BRUNSWICK – The Bowdoin College Museum of Art has kicked off a series of four films from the Northeast Historic Film Archive in Bucksport to be shown over the course of the summer. They were filmed in Maine in the early 20th century and capture the “way Maine was” through satire and fictional biography.

All four silent films will be shown in the museum’s Media Gallery.

The current film on view is the melodrama “The Sailor’s Sacrifice,” circa 1909, directed by Maine’s own Larry Trimble for American Vitagraph, one of the country’s earliest film studios based in Brooklyn, N.Y. Starring Trimble’s dog Jean, who came into later fame as the “Vitagraph Dog,” and Florence Turner, the already established “Vitagraph Girl,” the film follows the trials and tribulations of a sailor, his girlfriend and his girlfriend’s family once he is purported to be lost at sea.

The 20-minute film is showing through July 6.

• “Just Maine Folk,” 1912

“Just Maine Folk” was directed by Barry O’Neil and stars Ethel Clayton and Harry Meyers, two actors from O’Neil’s stock company that made films for the Lubin Film Manufacturing Co. In the summer of 1912, O’Neil brought his company of 30 to Cape Elizabeth where they stayed for 13 weeks in little cottages on a cliff they nicknamed “Lubinville-by-the-sea” after the main studio called Lubinville outside Philadelphia. According to author Joseph Eckhardt, the company “traveled in a special train with two Pullman coaches, one day coach, and three baggage cars. Included in their luggage were three touring automobiles and ten complete sets of scenery and props.”

“Just Maine Folk” is a caricature of rural life intended for what was probably a predominantly urban viewing audience.

It is eight minutes long and will be shown from July 8-27.

• “Brother of the Bear,” 1921

“Brother of the Bear” producer Holman Francis Day is a well-known Maine writer who worked as a journalist for the Lewiston Evening Journal. He also wrote 23 novels, three books of ballads and magazine stories, as well as radio and film scenarios. In 1920-1921, Day made two dozen short films in Augusta, including “Brother of the Bear,” which includes a small role by Mary Astor when she was a teen.

Many of Day’s films can be described as “Northwood’s Adventures” with a traditional story lines that go as follows: a young man and woman fall in love, the woman is the daughter of a rich man (in “Brother of a Bear,” the owner of a lumber company) and her father wants her to marry someone of his choice who, it turns out, only wants to marry his daughter for her inheritance.

The daughter’s chosen lover must prove that he is worthy of the daughter’s love, despite the fact that he is not of the same social standing as his rival. In this way, Day’s films were typical of the mainstream early film culture described by film historian Steven Ross as “sympathetic to the hardships honest working people suffered at the hands of rapacious businessmen, exploitative employers, heartless landlords, greedy money lenders, and the idle rich.”
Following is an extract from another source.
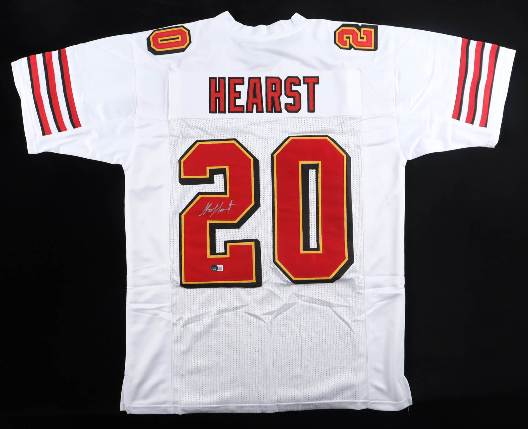 Custom jersey with everything sewn on, size XL. Hand-signed by Garrison Hearst.
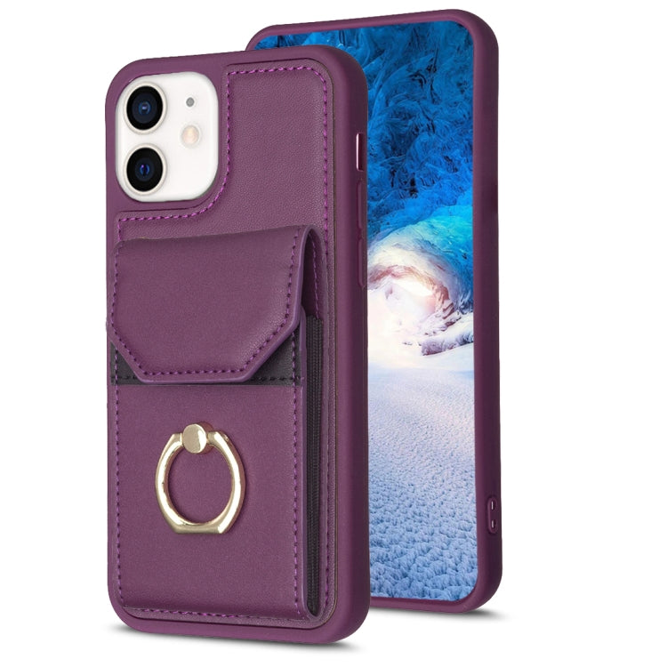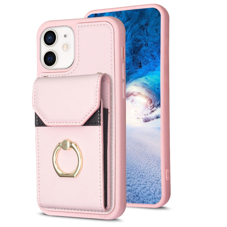 Funda para teléfono Bf29 iPhone 11 con soporte para anillo y bolsa para tarjeta de órgano (Rosa)

“Brother of the Bear” was filmed on the Kennebec River and premiered at The Strand in Gardiner. It runs about 28 minutes long and will be shown July 29 to Aug. 17.

• “Bar Harbor Movie Queen,” 1936

Boston-based itinerant filmmaker Margaret Cram (or Margaret Cram Showalter) spent a number of summers traveling to small towns in New England making “Movie Queen” films. The film casts were made of the local townspeople – this one features the newly married 25-year-old Vera Sleeper of Bar Harbor as the movie queen. The loose plot documents the movie queen on a return visit to her hometown as the whole town shows up to welcome her. The film then follows her visits to local stores whose owners invite her to admire their merchandise.

Some have speculated that the merchants were asked to pay the filmmaker a small fee to be included in the film, possibly the first example of ‘product placement.” Cram’s movies all include a scene in which the movie queen is kidnapped (with the local dignitaries playing the roles of kidnappers) and then rescued by a handsome hero.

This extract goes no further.